Landrieu, Cassidy Simultaneously Push Keystone XL Approval Ahead Of Runoff Election
Louisiana Democratic Sen. Mary Landrieu took to the Senate floor Wednesday to ask for unanimous consent to vote on the Keystone XL pipeline Thursday in an effort to shore up support before her upcoming runoff election.
While Landrieu was promoting her bill to approve the pipeline on the Senate floor, her Republican opponent Rep. Bill Cassidy announced his own Keystone bill.
The Keystone vote by Landrieu and Cassidy comes before the candidates compete in a runoff election in December. Cassidy has been trying to paint Landrieu as an ineffective legislator and tie her to President Obama’s economic agenda.
“The House has passed legislation to expedite the construction of the Keystone XL pipeline eight times,” Cassidy said in a statement. “The Senate did not consider any of the eight. I will now pass a bill identical to the bill the Senate is said to consider to push this issue forward.”
“If the Senate also passes the bill it can go straight to the President’s desk for signature,” Cassidy added. “It is easy to wonder if the Senate is only considering this because of politics… When I’m on the Senate Energy Committee next year, I will work to ensure the President follows the law and allows the construction of this pipeline.”
Landrieu faces bleak reelection prospects and likely sees the pipeline as a way to boost her support among Louisianans, many of whom are employed in the oil and natural gas industry. It would also be a way for Landrieu to distance herself from President Obama, who has bashed the pipeline’s economic benefits and refused to approve the project for years.
Landrieu bringing up the bill now could also steal thunder from Republicans before they take control of both houses of Congress in January.
“If people are going hide, they’re going to have a hard time,” she added. “We already have enough votes to pass this… Every single Republican in this chamber is a cosponsor of the bill that I’m going to ask unanimous consent.”
Citing the startling success of North Dakota’s oil industry, Landrieu argued that Keystone XL pipeline would move the U.S. economy forward and benefit the middle class. Landrieu was joined by Democratic Sens. Jon Tester of Montana, Joe Manchin of West Virginia and Heidi Heitkamp of North Dakota — all of whom support the pipeline’s approval.
“Everybody benefits,” Manchin said, also pointing to the environmental and safety benefits of moving oil by pipeline.
“Shipping oil by pipeline is the safest way to ship it. That is a fact,” Tester said on the Senate floor.
Keystone XL has once again hit the top of the political agenda after Republicans swept Democrats out of power in the national election earlier this month. Republicans promised to pass a bill approving the pipeline when they take control of the Senate next year.

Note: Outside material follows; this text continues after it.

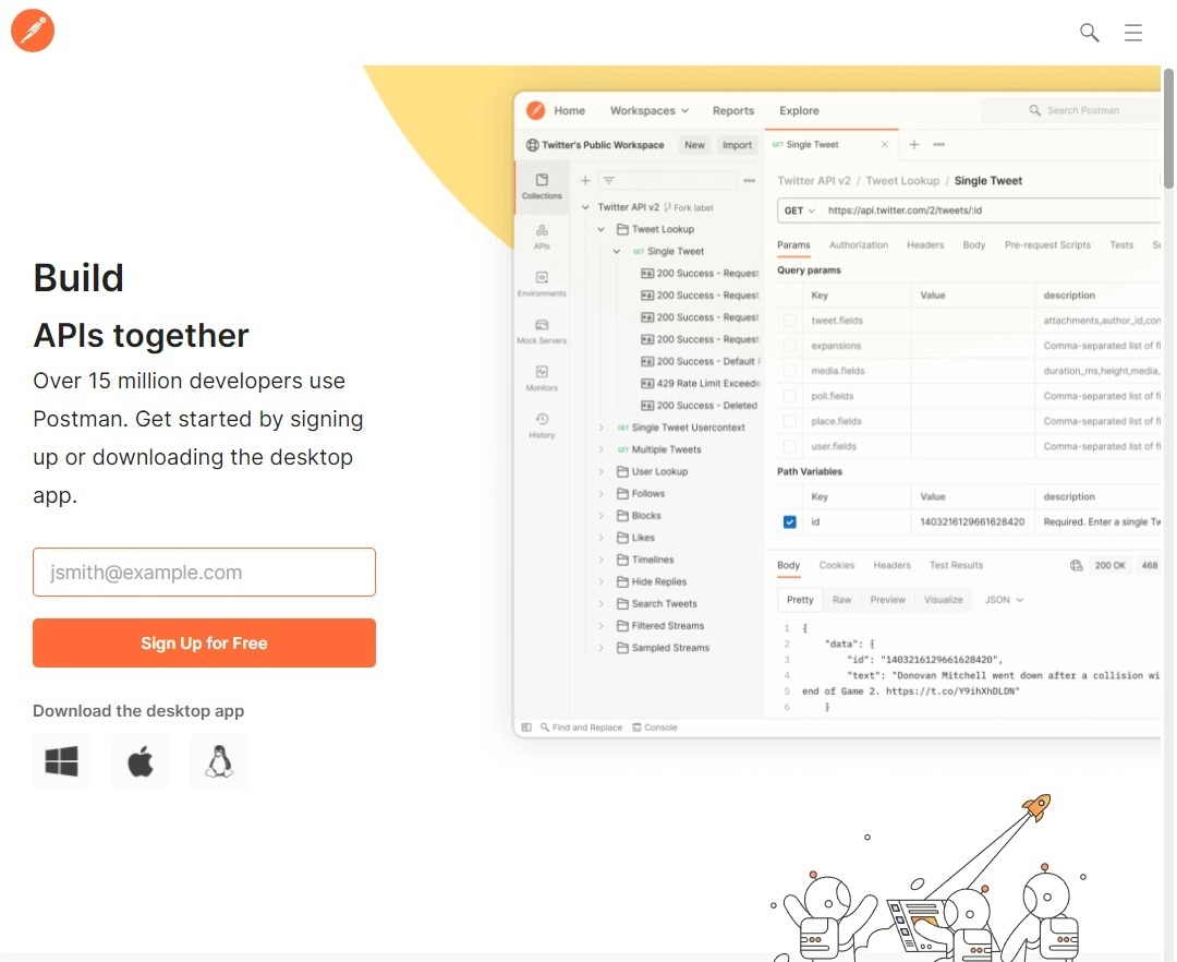 Postman عبارة عن نظام أساسي لواجهة برمجة التطبيقات (API) للبناء باستخدام واجهات برمجة التطبيقات مع ميزات تتمحور حول تبسيط العملية وتبسيط تعاون الفريق. مع Postman ، سوف تكون قادرًا على حل المشكلات بشكل أسرع من أي وقت مضى لأنه يعد بأوقات تطوير أسرع 5 مرات ، وإصلاحات أسرع للأخطاء بمقدار 4 مرات مما يعني قضاء وقت أقل في مهام العمل الشاقة مثل الاستجابة ذهابًا وإيابًا بين المطورين ؛ كل هذا يأتي معًا فيما يقول البعض أنه يمكن أن يصل إلى 10x كفرق فعالة. يمتلك Postman أدوات سلسة تمر عبر كل مرحلة من مراحل دورة حياة API. من التصميم إلى الاختبار والنشر حتى الصيانة أو الإيقاف ، يجعل منهج Postman المتكامل الأمر أسهل من أي وقت مضى.

Pushing a Keystone vote now would also rob Senate Republicans the chance to vote on other environment amendments on Landrieu’s bill or attach their own amendments.
But even if a Keystone bill makes it out of Congress and makes it to Obama’s desk, it’s unclear if he will sign it into law. Obama said after the Republican electoral landslide that he would let the process play out on Keystone.
“Keystone I just consider as one small aspect of a broader trend that’s really positive for the American people,” Obama told reporters. “There’s an independent process that’s moving forward, I’m going to let that process play out.”
“Is this going to be good for the American people?” Obama asked. “Is this going to be good for the pocketbook? Is it actually going to create jobs? Is it actually going to reduce gas prices that are coming down? And is it going to be on net something that doesn’t increase climate change that we’re going to have to grapple with?”
Keystone has been delayed for more than six years as the State Department considers whether or not the project is in the national interest. The Department has said the pipeline would be environmentally friendly and have little impact on the climate, but environmentalists have fought the project.
Pipeline supporters, however, argue that delaying the pipeline only hurts the middle class who would benefit from gasoline prices and jobs from more oil flowing into the country.
“It is shameful. It is wrong, and it must stop today,” Landrieu said on the Senate floor.